Thomas J Priju BSCAL

Yesterday's steep fall has left several pundits talking about a bear market for the next few months. Most of the participants seem to be hunting for negative reasons to explain the meltdown of the past few days. The rational explanation seems to be that the last rally was a short one in an intermediate bear market.

ASK Me told so

ASK Me's major grouse against the Union budget was that it provided no direction to the economy. In fact, it warned of the potential derailment of growth due to increased tax rates without an attempt at reducing the size of government expenditure. It had further warned that the domestic debt trap was now a distinct possibility with the fiscal deficit and GDP growth almost at par.
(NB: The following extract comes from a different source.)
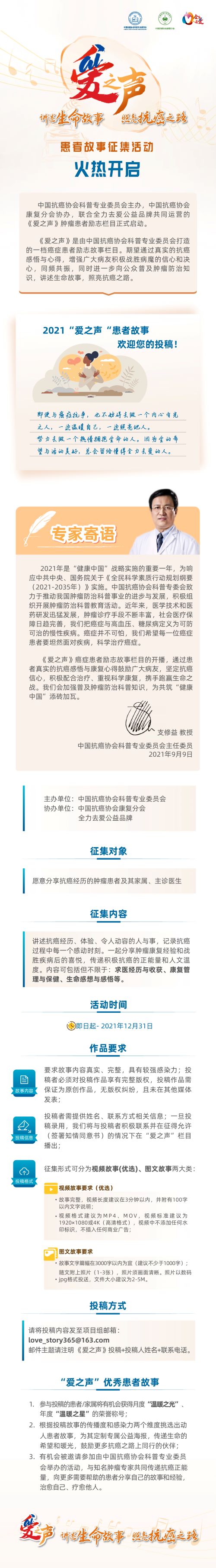 中國抗癌協會科普專業委員會主任委員支修益教授指出:“2021年是‘健康中國’戰略實施的重要一年。為積極響應并貫徹實施中共中央、國務院關于《全民科學素質行動規劃綱要(2021-2035年)》,中國抗癌協會科普專委會始終致力于推動我國腫瘤防治科普事業的進步與發展,積極組織開展腫瘤防治科普教育活動。期望通過《愛之聲》腫瘤患者勵志故事欄目,以真實的抗癌感悟與康復心得鼓勵廣大病友,堅定抗癌信心,積極配合治療、重視科學康復,攜手打贏生命之戰,為共筑‘健康中國’添磚加瓦。”

The report had suggested that an increase in foreign institutional investor limit was meaningless if the markets remain unattractive.

 

All these factors had left ASK Me to conclude two and half months back that the markets would remain bearish for the near future.

...another one

ASK had put a buy on HDFC Bank at Rs 248 citing among things the gains arising out of a suppression of profits. It was of the view that though such measures are frowned upon internationally, it felt that HDFC Bank is adopting a prudent practice in a country like India where the risks for banks are higher and cushions for future problems more appropriate.

FIIs still selling

The nervousness on the bourses have been accentuated by the fact that foreign institutional investors (FIIs) have been net sellers on all the days of the current week. With FII sales figures having a major psychological impact, even the regulator was forced to take a close look at its own figures.

Though the exercise resulted in a reduction in the sales, the damage was already done by then. One market observer put it rather succinctly when he mentioned the "fear of God had been put in the minds of participants".

Mutual party not over

The latest figures suggest that the mutual fund (MF) industry witnessed a net inflow during April. This seems to suggest that the run on certain mutual funds had been unnecessarily played up. However, it does mirror the consolidation of the private sector within the industry, reflected in its high share as a whole.

In fact, the high service and disclosure standards of some of these private sector fund majors have forced even the Big Daddy to take a serious relook at several aspects of its functioning.

The mighty too fall

The bearish undertone of the past few weeks makes one wonder if some of the biggest names in the Indian equity markets are regretting their decisions of the past few weeks.

Among the more prominent deals which come to mind are Jan Fund's aggressive purchases of over 5 crore Reliance shares between the Rs 300 and 350 levels and Mr Big's purchase of 2 million HFCL shares in the Rs 900 to 1000 range.

As mentioned ad nauseam, the bourses can prove even the mightiest wrong on occasions. Some consolation to the retail players is that even the mighty institutions falter at times.

Evading the heat

The heat and sultriness of Mumbai had already forced the small time punter to head for the nearest hill station. And the sustained fall of this week helped One Man's associate to conclude that this was the right time to head for the land of the kangaroo.